The PubMed search strategy was as follows: (“Temporomandibular Joint Disorders”[Mesh] OR “Temporomandibular Joint”[Mesh] OR “Craniomandibular Disorders”[Mesh] OR temporomandibular[tiab] OR TMJ[tiab] OR TMD[tiab] OR craniomandibular[tiab]) AND (“Orthodontics”[Mesh] OR “Malocclusion”[Mesh] OR “Dental Occlusion”[Mesh] OR orthodontic[tiab] OR orthodontics[tiab] OR malocclusion[tiab] OR dentofacial[tiab] OR occlusion[tiab]) AND (therapy[tiab] OR treatment[tiab] OR intervention[tiab] OR appliance[tiab] OR splint[tiab] OR expansion[tiab] OR functional[tiab] OR mandibular[tiab] OR maxillary[tiab]) NOT (“Systematic Review”[Publication Type] OR “Meta-Analysis”[Publication Type] OR review[pt] OR editorial[pt] OR comment[pt] OR letter[pt] OR case reports[pt] OR protocol[tiab] OR arthroplasty[tiab] OR prosthesis[tiab] OR replacement[tiab] OR animals[mh] NOT humans[mh])
2.4. Study Selection
All search results were imported into Covidence for deduplication and screening. Two reviewers independently screened titles and abstracts. Potentially eligible records proceeded to full-text review. Disagreements were resolved by discussion or third-reviewer adjudication. Inter-reviewer agreement was quantified using Cohen’s κ, which indicated substantial agreement for title/abstract screening (κ = 0.76) and near-perfect agreement for full-text eligibility (κ = 0.87).

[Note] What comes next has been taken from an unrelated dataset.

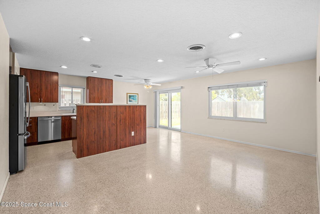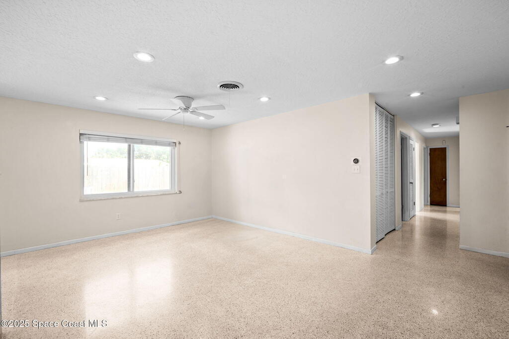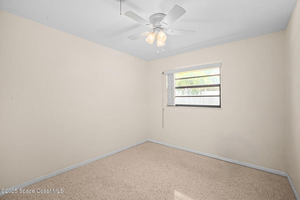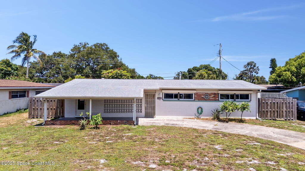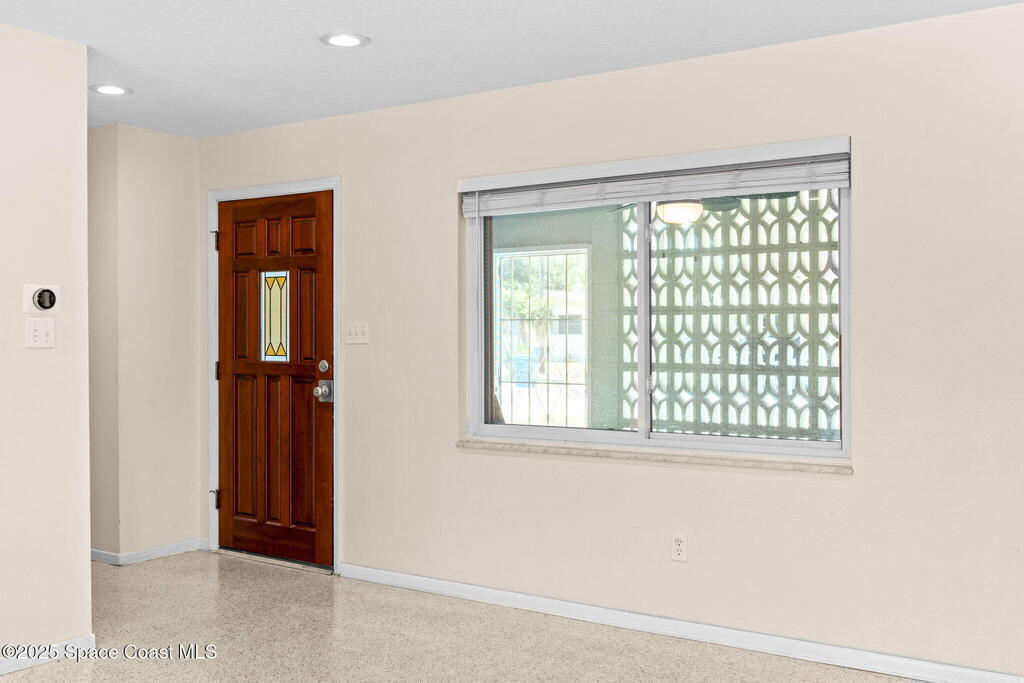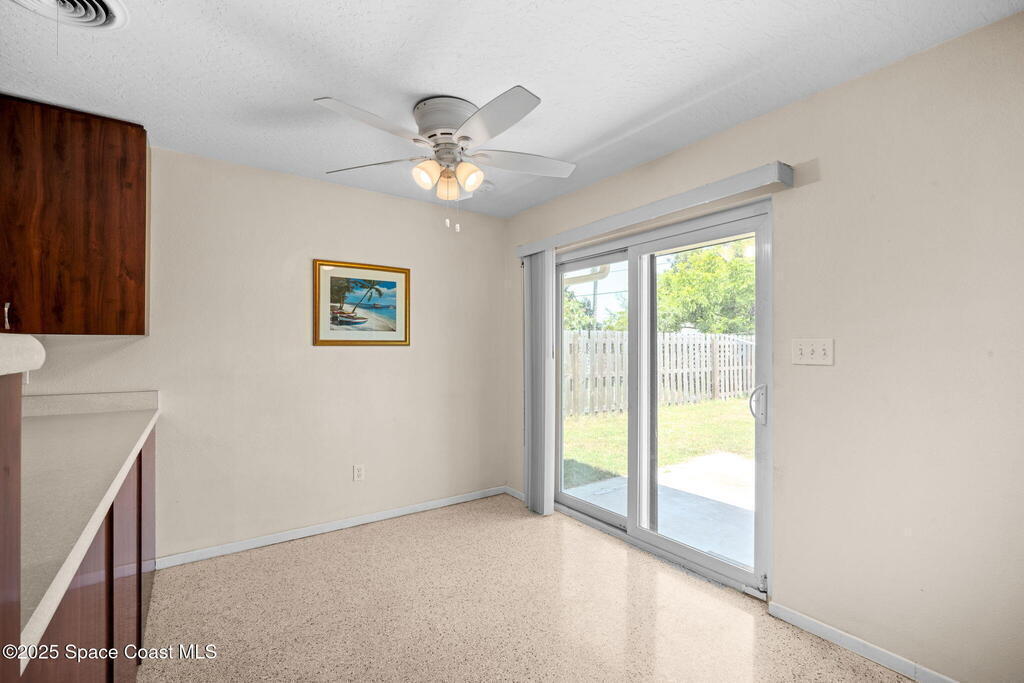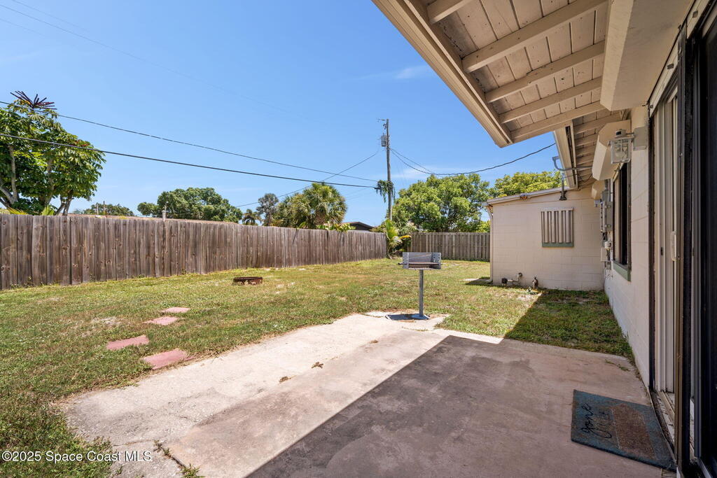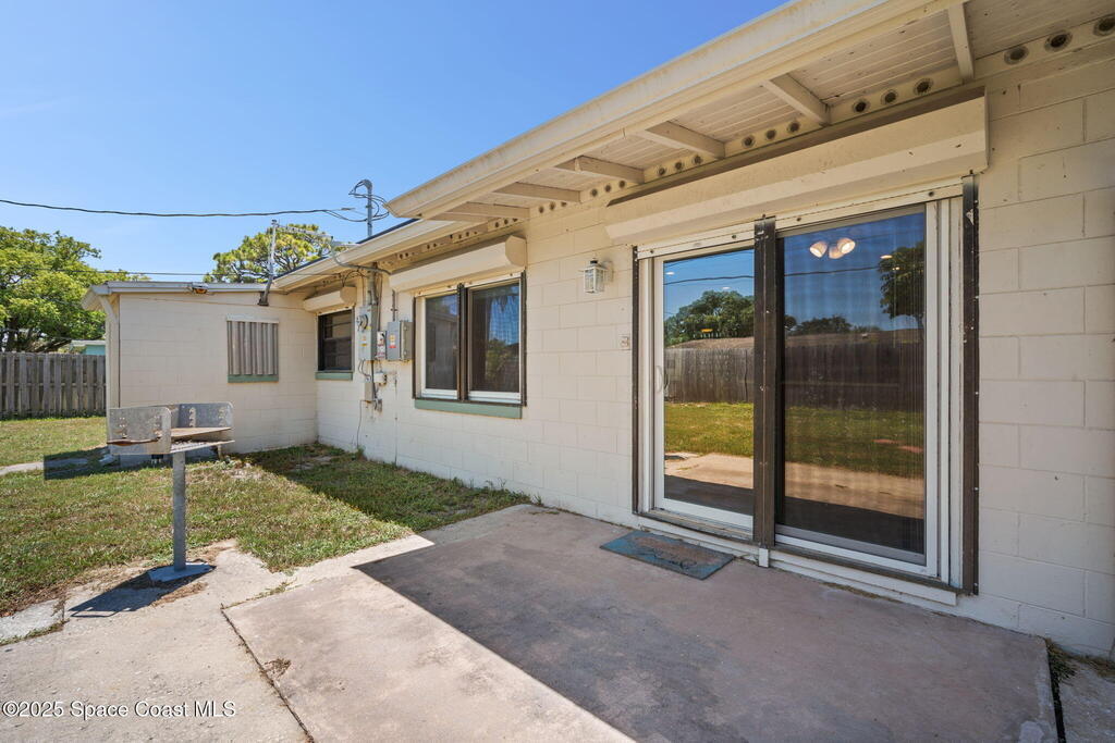 Welcome to this beautifully updated 4-bedroom, 2-bath home in the desirable Bel Aire subdivision of Merritt Island! Step inside to find pristine terrazzo floors and LED recessed lighting throughout. The kitchen shines with newer energy-efficient stainless steel appliances. Custom cabinetry in kitchen, laundry room, and bathrooms with soft close drawers and adjustable shelving. A smart thermostat adds modern convenience and energy savings. Both bathrooms have been tastefully renovated, and the indoor laundry offers added ease. Enjoy peace of mind with a 200-amp panel featuring a generator hookup, a mix of roll-down and accordion shutters, and solar panels to help offset utility costs. The spacious, fully fenced backyard offers a shed, a shallow well for irrigation, and plenty of room to add a pool. This move-in ready gem blends comfort, efficiency, and practicality--schedule your tour today! Roof - 2020, AC - 2022, Amp to 200 - 2016, Tankless WH - 2016, Windows - 2010, Solar - 2024

Reasons for full-text exclusions were recorded and summarized in the PRISMA flow diagrams for TMD/TMJ and general orthodontic literature (
Figure 1 and
Figure 2). The identification stage in each diagram specifies the number of records retrieved from each database (PubMed/MEDLINE, Embase, CINAHL, ClinicalTrials.gov, and ICTRP). The complete list of full-text exclusions can be found in
Supplementary Tables S1 and S2.
2.5. Data Extraction and Variables
Data extraction was performed independently and in duplicate using a piloted, codebook-based Excel template. Extracted variables included authors, year of publication, journal, impact factor, study design, and variables describing reporting practices. Transparency was defined as the completeness and openness with which key methodological and reporting practices were described in the trial reports. Specifically, we assessed five indicators: (1) funding disclosure; (2) discussion of potential bias; (3) consideration of confounders; (4) registration of a study protocol or trial; and (5) adherence to recognized reporting guidelines (e.g., CONSORT, PRISMA). Funding disclosure was coded “yes” when any statement about study funding or the absence of funding was provided. Discussion of bias was coded “yes” when the manuscript explicitly addressed risk of bias, internal validity, or methodological limitations. Confounder consideration was coded “yes” when potential confounding variables were prespecified, incorporated into the analysis (e.g., adjusted models), or discussed as possible sources of distortion. Protocol registration was coded “yes” when a registry or protocol identifier (e.g., ClinicalTrials.gov, PROSPERO) was reported. Reporting-guideline adherence was coded “yes” when authors explicitly stated following a named reporting guideline (e.g., CONSORT, PRISMA or related EQUATOR-listed tools).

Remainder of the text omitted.